Good thing you stopped watching Star Trek: The Next Generation after the pilot.
Same for Buffy The Vampire Slayer.


----------



## MiakioAmy (Oct 2, 2002)

I couldn't make it through the second episode of Chuck. Deleted.

(I don't actually have any season passes, so this means I won't download it next week.  )


----------



## bareyb (Dec 1, 2000)

amtsuchida said:


> I couldn't make it through the second episode of Chuck. Deleted.
> 
> (I don't actually have any season passes, so this means I won't download it next week.  )


Chuck is my first SP deletion of the new season. Episode two was lame.
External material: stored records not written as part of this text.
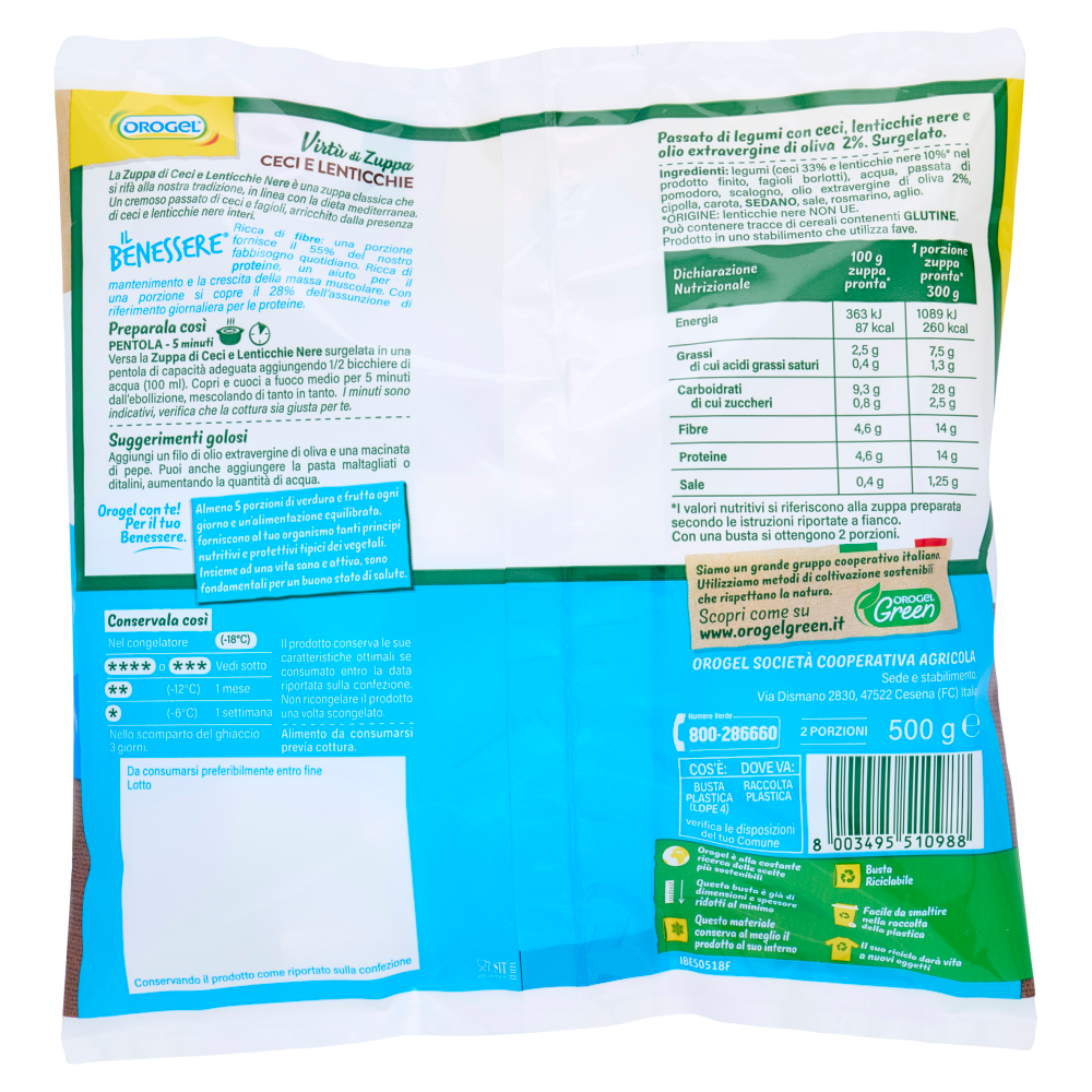 La Zuppa di Ceci e Lenticchie Nere è una zuppa classica che si rifà alla nostra tradizione, in linea con la dieta mediterranea. Un cremoso passato di ceci e fagioli, arricchito dalla presenza di ceci e lenticchie nere interi. Il Benessere Ricca di fibre: una porzione fornisce il 55% del nostro fabbisogno quotidiano. Ricca di proteine, un aiuto per il mantenimento e la crescita della massa muscolare. Con una porzione si copre il 28% dell'assunzione di riferimento giornaliera per le proteine. Orogel con te! Per il tuo Benessere. Almeno 5 porzioni di verdura e frutta ogni giorno e un'alimentazione equilibrata, forniscono al tuo organismo tanti principi nutritivi e protettivi tipici dei vegetali. Insieme ad una vita sana e attiva, sono fondamentali per un buono stato di salute. Orogel è alla costante ricerca delle scelte più sostenibili Questa busta è già di dimensioni e spessore ridotti al minimo Questo materiale conserva al meglio il prodotto al suo interno Busta Riciclabile Facile da smaltire nella raccolta della plastica Il suo riciclo darà vita a nuovi oggetti
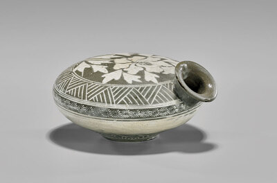 Korean Joseon Dynasty buncheong pottery vessel; finely potted, of compressed globular form, tapering sharply to a narrow foot; with short, flared neck to one side; the top centering a floral medallion encircled by geometric and foliate bands; W: 7" (
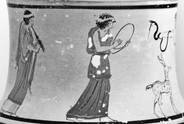 | Keywords: Sotheby Painter - White-Ground Pyxis with Maenads - Walters 482019 - Detail B.jpg Maenads women who have left their homes to follow the wine-god Dionysus dance around this pyxis or cosmetics container The animal-skin garments snakes and vine leaves are typical attributes of maenads and indicate their association with the wild Dionysian realm ca 460 450 BC Classical terracotta cm 20 1 ; cm 14 3 diam accession number 48 2019 30136 Sale Sotheby's London December 7 1920 Joseph Brummer Brummer Estate Sale Parke-Bernet Galleries New York June 8-9 1949 part III lot 12 fig 1 Walters Art Museum 1949 by purchase Museum purchase 1949 In Search of Ancient Treasure 40 Years of Collecting The Walters Art Gallery Baltimore 1978 Pandora's Box Women in Classical Greece The Walters Art Gallery Baltimore; Dallas Museum of Art Dallas; Antikenmuseum Basel und Sammlung Ludwig Basel 1995-1996 place of origin Athens Greece Walters Art Museum license Ancient Greek pottery in the Walters Art Museum Sotheby Painter Media contributed by the Walters Art Museum needs category review Ancient Greek pottery pyxides |
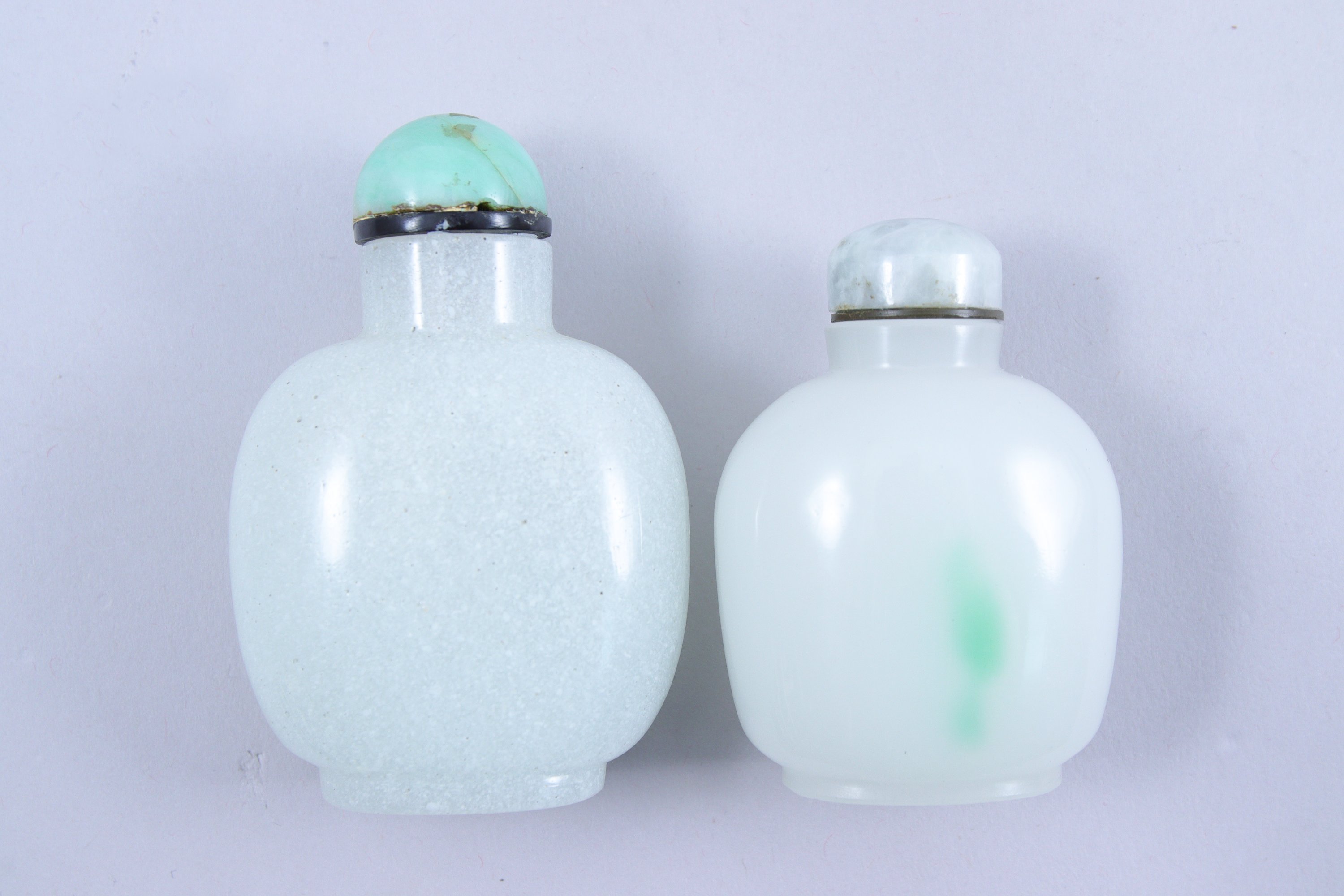 en verre, l'un bullé, l'autre imitant la jadéite blanche à inclusions vertes. Bouchons en jadéite et néphrite cerclés de noir.

It's a very bad sign when I find myself using the "30 second skip" button. :down:

My wife hated it even more than I did. She feels the show is geared towards "twenty-something single people" and I have to admit I felt like the second show was a mess. Full of cliche's and worn out gaffs. We are done. Chuck is gone.


----------



## etexlady (Jun 23, 2002)

I found that I had no desire to watch any of the new offerings after reading about them. I am glad my favorites are returning and I still have SPs for them (Dexter, Brotherhood, Survivor, Dancing With The Stars, Shield, etc.) From the summer offerings I had/have SPs for Damages, Saving Grace and Mad Men, all of which I will continue to watch. The one and only new show I have scheduled is Pushing Daisies and I'll give it an episode or two to see if I want to continue with it. All in all a very disappointing new season this year.


----------



## Sirius Black (Dec 26, 2001)

Prison Break and K-Ville.


----------



## mwhip (Jul 22, 2002)

I don't know if this counts but I got rid of Grey's and ER. Grey's is still bad after last weeks episode and ER it was just time to cut the cord.


----------



## PJO1966 (Mar 5, 2002)

Back to You
Carpoolers


----------



## markz (Oct 22, 2002)

I am thinking about dumping Grey's and canceling Private Practice. I have them recorded, but I am not that excited about watching Grey's this season. Plus, it seems like if I watch one, I should watch the other.


----------



## buckeyenut (Apr 1, 2004)

Big Bang Theory is on the chopping block for me. This week's episode was a little better than the pilot; however, not by much. I'll give it another week or two.


----------



## skywalkr2 (Jun 16, 2003)

I am liking most everything this season - especially Reaper, Pushing Daisies (one ep only), Chuck, and Journeyman. 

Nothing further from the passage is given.